# [Task goal]
Retype every line from the start of the entries below down to the line with "مبنى هيئة الزهارة", both ends included; skip the pictures.
****************
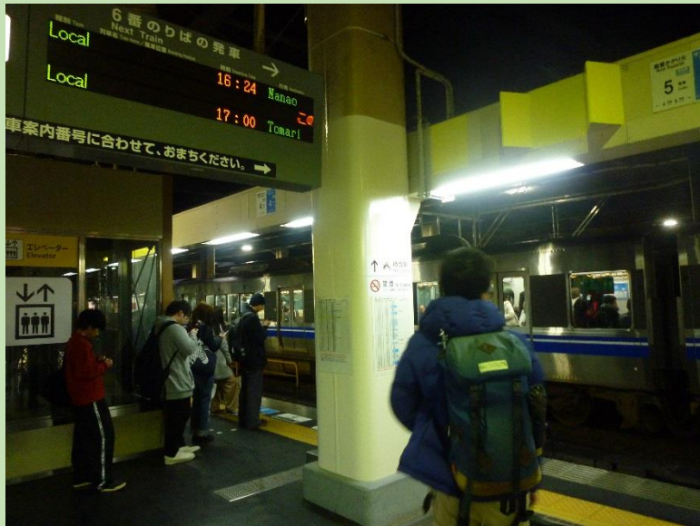
七尾線では各駅停車の4両編成。
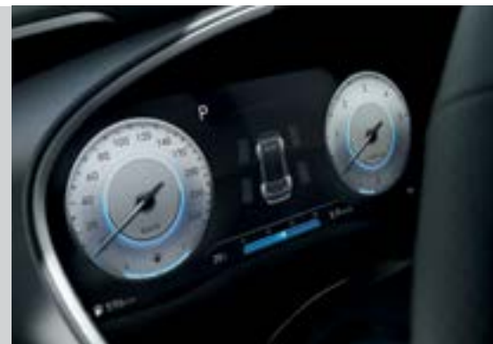
Màn hình thông tin digital 12.35 inch (Bản Đặc biệt và Cao cấp)
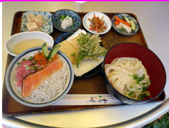
おかげさま御飯 1240 円 덕분에 감사 정식 1240 엔
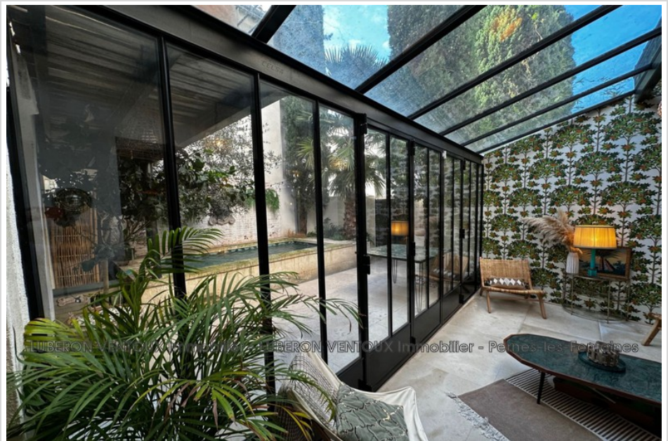
Maison de village 50479 Maillane

fees included no current procedure, information on the risks to which this property is exposed is available on georisques.gouv.fr
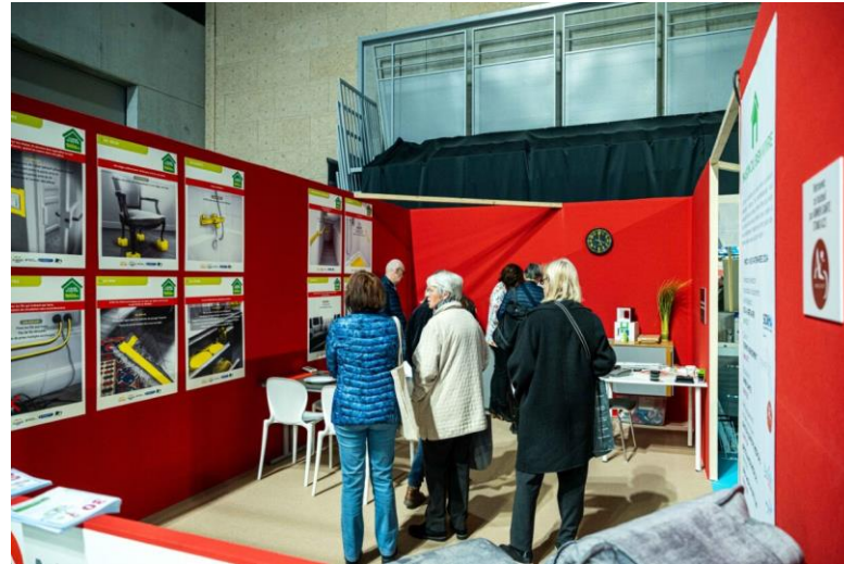
LA MAISON DU BIEN VIVRE
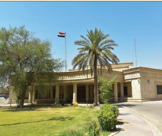
مبنى هيئة الزهارة

الحالي، بينما بلغ عدد الوزراء، ومن هم برزجتهم مئتي صدر بحقهم أمر قضى 8، الواقع 106 امر قضى، و106 امر قضى اخرى صدر بحق 46 من ذوي الدرجات الخاصة والديورين العاليين". وتابع ان "عدد امراء الاستقدام القضائية الصادره منذ على تحقيقات الهيئة خلال السنة نفسها بلغ 2866 أمر، كُفد منها (2014) امراً، مُؤخّصةً ان "عدد الوزراء ومن هم برزجتهم الذين صدرت بحقهم امراء استخدام كان 12 صدر بحقهم 12 صدرت بحقهم امراء استخدام في وقت كان عدد الذين صدرت بحقهم امراء قضائية بالاستخدام من الدرجات الخاصة والديورين العاليين 98 مسؤولاً صدر بحقهم امراً، فضلاً عن اصدار 1124 مذكرة توقيف قضائية منها واحدة بحق وزير، و6 مذكرات صدرت بحق 4 مُتهمين من ذوي الدرجات الخاصة والديورين العاليين". واستعرض التقرير "عدد المتهمين والقضايا الجزائية والنسب والتقديرية والقضايا المشمولة بقانون العفو العام"، مبيناً ان "مجموع المتهمين به في ما يتعلق بقضايا الفساد الحالية من الهيئة بلغ 986 مُتهماً ومحكوماً في 647 قضية جزائية". وأشارت الهيئة في تقريرها إلى "عمليات الضبط والأسلح المضبوطة التي مئقتها خلال النصف الأول من العام الجاري" موضحة انها "مئقت 306 عمليات ضبط، وأن عدد المتهمين في تلك العمليات بلغ 691 مُتهماً، مُخرّجاً بالبرازات الجريمة التي تم ضبطها وتثبيتها في محاضر الضبط
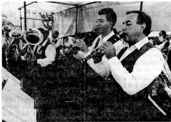
a jásaly klarinety s křídlovkami,
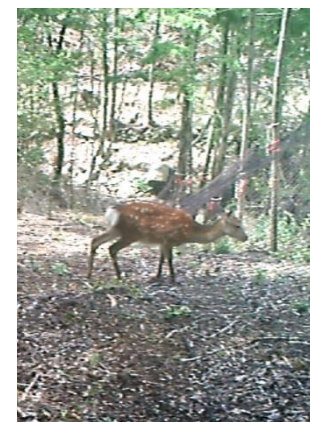
(斜め張り試験地の二ホンジカ)

• 鳥獣被害対策現地検討会等において、各地域における個体数管理の手法や広域連携の必要性等について理解を深めることができた。今後、効果的な防除対策に向け、市町村や関係団体等との連携も視野に取組を継続。
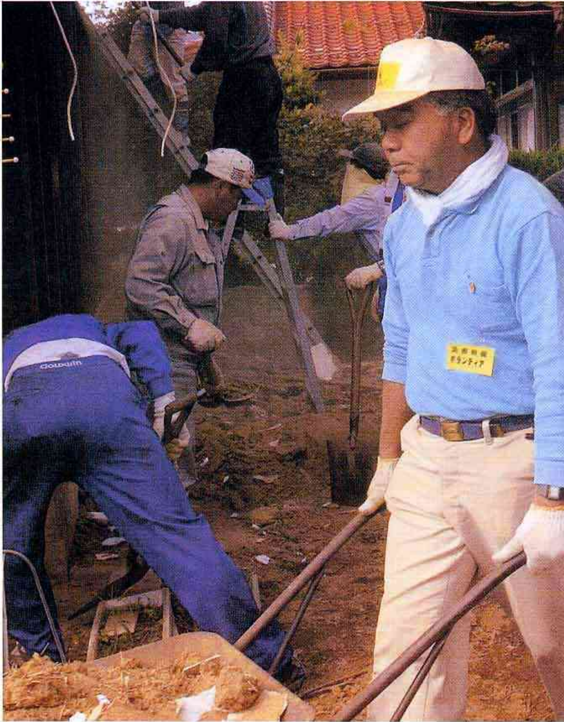
崩壊した住宅の壁や瓦を運び出すボランティア(日野町)
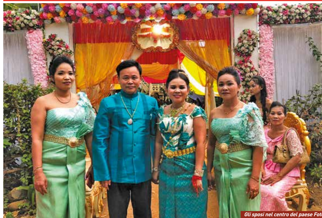
Gli sposi nel centro del paese Foto

bolletino trimestriale - giugno 2019 - N°143
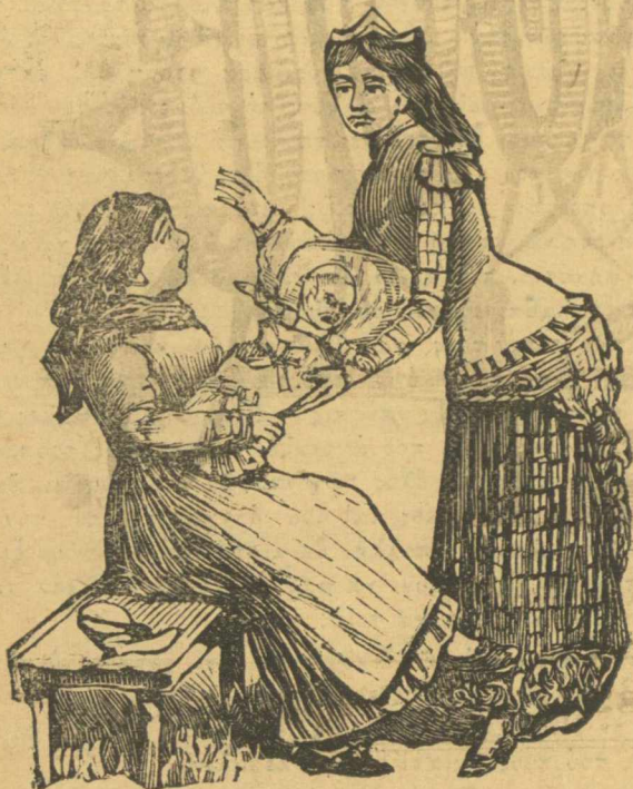
Βουλή. Βασιλεία, σου παραδίω το νεογέννητον κόμμα του Δεληγιάννη

Αυτή πλέον ή μπουνταλίσουνα και άφροντησία του δήμο για την άθλια κατάσταση των γκαζών, υπερβαίνει κάθε όριο, και δεν μένει άλλο παρά να βγούμε κάμια βραδιά να σπάσωμε όλα τα φανάρια να πάη στο διάολο τέτοια κλεφτε- ταιρία του Γκαζιού, "Αμ άλλο δεν μένει.
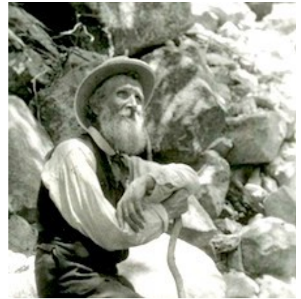
John Muir Cane (1838-1914), naturaliste.

L' ebollizione = l'ébullition L' ecografia = l'échographie L' elettròlisi = l'électrolyse L' emoglobina = l'hémoglobine L' enzima = l'enzyme L' ermafrodita = l'hermaphrodite L' evoluzione = l'évolution Il fagocita = le phagocyte La famiglia = la famille Il faraday = le faraday La fecondazione = la fécondation La fermentazione = la fermentation La filtrazione = la filtration La fisiologia = la physiologie Il gas = le gaz Il gene = le gène La genealogia = la généalogie Il genere = le genre La ghiandola = la glande La glicolisi = la glycolyse Il guscio = la coquille L' humus = l'humus L' ibridazione = l'hybridation L' idratazione = l'hydratation Idròfilo = hydrophile // idròfobo = hydrophobe L' idròlisi = l'hydrolyse L' immunità = l'immunité L' impollinazione = la pollinisation L' incubatore = l'incubateur Lo joule = le joule La legge = la loi La malattia = la maladie Il metabolismo = le métabolisme Il microscòpio = le microscope La nomenclatura = la nomenclature L' oligoelemento = l'oligoélément L' osmòsi = l'osmose La pianta = la plante La riproduzione = la reproduction La sindrome = le syndrome La specie allòctona = l'espèce allochtone // la specie autòctona = l'espèce autochtone La tassonomia = la taxonomie La vaccinazione = la vaccination
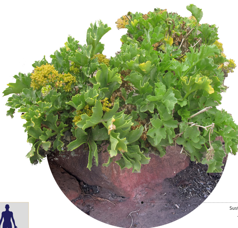
Sustrato inorgánico Buen drenaje Textura arenosa
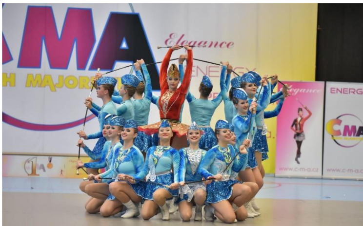
Obrázek 8 - Vlna v disciplíně baton
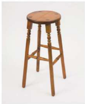
SC-1353 ¥2,500 木製スツール
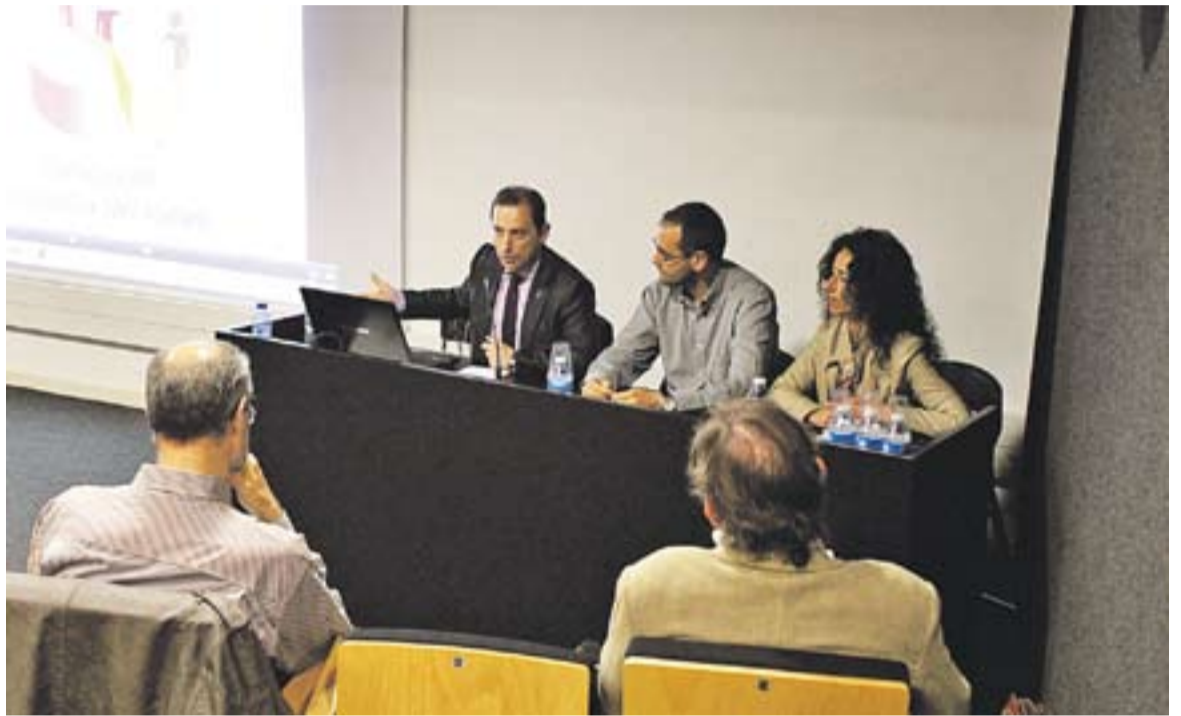
© Presentació dels indicadors de salut de Castellar, amb el diputat J. Oliva, l'alcalde i la tinent d'alcalde a Serveis a les Persones || R.G.

CADA COP MÉS VELL || La dilatació de l'edat de la maternitat és un dels símptomes del canvi de la piràmide demogràfica i dels hàbits socials. La població castellarenca tendeix a envellir: per cada 100 persones de 0 a 15 anys, n'hi ha 69 de 65 anys o més. De fet, la mitjana d'edat de la pobla-
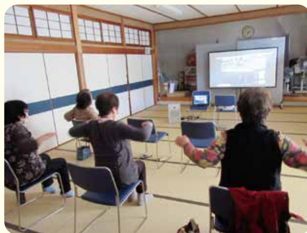
参加者の宗心原サロンの皆さん
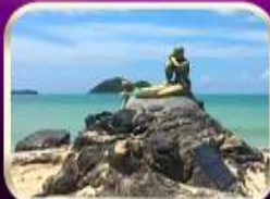
เที่ยวหาดสมิหลา สงขลา
****************
# [Exercise response]
七尾線では各駅停車の4両編成。
Màn hình thông tin digital 12.35 inch (Bản Đặc biệt và Cao cấp)
おかげさま御飯 1240 円 덕분에 감사 정식 1240 엔
Maison de village 50479 Maillane

fees included no current procedure, information on the risks to which this property is exposed is available on georisques.gouv.fr
LA MAISON DU BIEN VIVRE
مبنى هيئة الزهارة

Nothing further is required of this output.